58:お屋敷と車の定期健診
58:お屋敷と車の定期健診
「ご当主様。プレアデス様たちが只今到着いたしました。」
セバスチャンが貴族ママのもとに現れ、すぐさま告げた。
「ついに来たのね。」
「ずいぶんと時間がかかったな。」
「時間がかかる事態が発生していたのでしょう。」
「とりあえずプレアデスたちのもとへ行きましょう。」
「もちろんだ。」
二人がインプレッサのもとへと向かう。
「以前見た姿とずいぶん違うな。」
「なんだか高いですね……」
そして泥にまみれていた。
「貴族ママ!」
「誰が貴族ママよ。……相変わらず変わらないわね。プレアデス。」
「まぁな!」
「プレアデス。今回のレースでの勝利、真に見事であった。」
「ありがとうございます。」
「しばらくはここで休むといい。」
「そういうわけにもいきません。明後日にはここから出発する予定です。
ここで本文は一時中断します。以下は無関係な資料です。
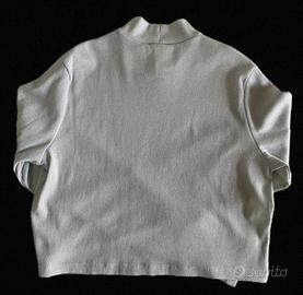 Vendo maglia a manica lunga, modello cropped, dal design moderno ed elegante, realizzata in tessuto a costine sottili con raffinato effetto metallizzato color argento, taglia L.

」
「何故だ?」
「ここに迷惑をかけるわけにいきませんから。」
「実に君らしい。」
「誉め言葉として受け取っておきます。」
「ところで。」
「何かしら。」
「この2台を何処か隠せないでしょうか。」
「2台?」
ひょこりとインプレッサの後ろからランエボが顔を出した。
「これは……!?」
国王はまさか現れるとは思ってもいなかった車の登場に目を丸くした。
「……一応隠せる場所はあるわ。倉庫の拡張工事をしてたのよ。そこに置けばその2台を隠せるわ。」
「助かる。」
「あの小さいのはすぐ使うと思って一応外においてたの。」
「ああ。それでいい。」
すると2台は倉庫へ向かっていく。
バックで2台は倉庫に入っていき、二人が下りてくる。
「たわしちゃんとプリンちゃんをベッドで寝かしておいてくれ。」
「ええ。分かったわ。セバスチャン。」
「もちろん。既に彼女らには客人用では最上級のベッドを手配しております。」
「最上級?」
国王は何故最上級なのだろうかと頭にはてなを浮かべた。
別に人を蔑むのではなく。
貴族ママは客人の位に合わせて部屋を選択する。
それを完璧に把握しているのはセバスチャン。
セバン士ちゃんが判断したことはほぼ100%貴族ママの考えと同じなのだ。
それを理解しているからこその素朴な疑問だった。
「たわしちゃんとプレアデスが呼んでいる方の本名はヘクセ。」
「あの大魔女ヘクセ様か!?」
「……えぇ。」
「なるほど。」
「もう一人はラズヴィーチャの第三王女だとか。」
「だからか。納得できた。」
二人はこそこそと会話をしていた。
プレアデスは何を言ってるのか全く聞こえなかったため、空を見上げて雲が流れる姿をずっと眺めていた。
「それで明日は何をするの?」
「(。´・ω・)ん?メンテ。車の定期健診の車検だな。」
「へぇ、そんなのがあるのね。」
もちろん異世界に車検なんてものはない。
ただ過酷な環境下で動いてきたランエボとインプレッサはずいぶんと消耗していることだろう。
「少なくともエンジンオイルは交換するべきだ。」
「それには俺も同意する。」
平志が後ろからやってきた。
「貴方は?」
「俺はインプレッサとバトルしていた車のドライバーだ。」
「貴方が!」
「実に素晴らしい走りだった。」
「ありがとうございます。」
「ところで何でオイルというものを交換するとよいのかしら。」
「エンジン内部では部品がこすれ合っています。布でもそうですがずっと高速に、激しくこすると布が傷みますよね?」
「ええ。」
「それはエンジンも同じ。その為、部品と部品の間に油を挟むことで滑るようにしています。これを潤滑油と言います。」
「潤滑油。話を聞くだけならかなり長期にわたって使えそうだ。」
「そういうわけにもいきません。オイルにはエンジンの汚れを取り除く機能もあるため、一定の期間で交換する必要があります。ごみを取り除くフィルターもありますが、限界はあります。」
「なるほどね。だからオイルを交換すると。」
「ええ。」
「ちょっとした疑問が解けたわ。ありがとう。」
「儂もだ。ありがとう。」
「どういたしまして。」
プレアデスは相変わらず暇していた。